Bill Plympton’s Dogs & Cows (2013)

by | Sep 27, 2013 | DVD & Blu-ray Video Reviews

Bill Plympton’s Dogs & Cows (2013)

Studio: Microcinema [9/24/13]
All regions
Video: 4:3 & 16:9 color
Audio: PCM stereo
Program: The Cow Who Wanted to Be a Hamburger, Gary Guitar, Waiting for Her Sailor, Summer Bummer, The Flying House (Winsor McCay’s 1921 cartoon), Tiffany the Whale, Drunker Than a Skunk, Horn Dog, Guard Dog Global Jam, TMZ, Eurostar, Catalyst, AccounTemps 2010 & 11, Bonnaroo, eDIT, Excerpts from FUGLY, Anncey OFF, Filmbox title, various oddities
Extras: Music videos, commercials, TV interviews animatics, pencil tests, trailers, filmmaker commentary
Length: 130 minutes
Rating: ****

Bill Plympton is an American animator who is known is the King of Independent Animation. He is one of the few leading animators who does most of his animation all by himself, and is known for his 1987 Oscar-nominated short Your Face and his series of shorts on his Guard Dog. He was brought up in Portland, OR and used the blood from the ground beef his mother had purchased for burgers to color his chopped-off heads and other violence in his early teenaged animations.

This is his fifth collection of shorts and includes lots of different animals besides dogs and cows in these shorts from 2006 thru 2013. In his video bio in his New York studio Plympton says that some really crazy-acting animators do very ordinary films, but the best sort are the ones who are perfectly normal on the outside but turn out crazed, violent and sexy animation, as he does. I frankly don’t think he’s ever equaled the hilariousness of his original Your Face, or the anti-smokers animation which he made to cause his mother to stop smoking (she did). Many of the shorts seem to be created for Spike & Mike’s Sick & Twisted animation series.  I couldn’t get into some of the shorts here, such as Tiffany the Whale, TMZ, or Drunker than a Skunk, and his Horn Dog is a bit over the top. The Fugly bits made no sense to me. However, the first short, The Cow Who Wanted to Be a Hamburger, is a great bit in a rather new visual style which has more depth to its images, and with a strong anti-red-meat message. The credits at the end reveal it was partly done by vegetarians. In this case the rather primitive Plympton animation perfectly fits the story.

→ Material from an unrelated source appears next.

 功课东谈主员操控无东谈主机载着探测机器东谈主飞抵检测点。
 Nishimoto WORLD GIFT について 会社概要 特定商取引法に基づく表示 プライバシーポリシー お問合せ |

The nine or ten animations under the category “Commissioned” have less of the violence which characterizes much of Plympton’s work since those commissioning it didn’t want that.  Catalyst, for a women’s rights organization, is superbly done to get across the strong message. A wonderful animated resuscitation is his re-do of Winsor McCay’s (Gertie the Dinosaur) 1921 animated film titled The Flying House. Plympton and his staff cleaned up the early animation, added color and music, a new soundtrack with various voices including Patricia Clarkson, and created a superb updating of this early gem.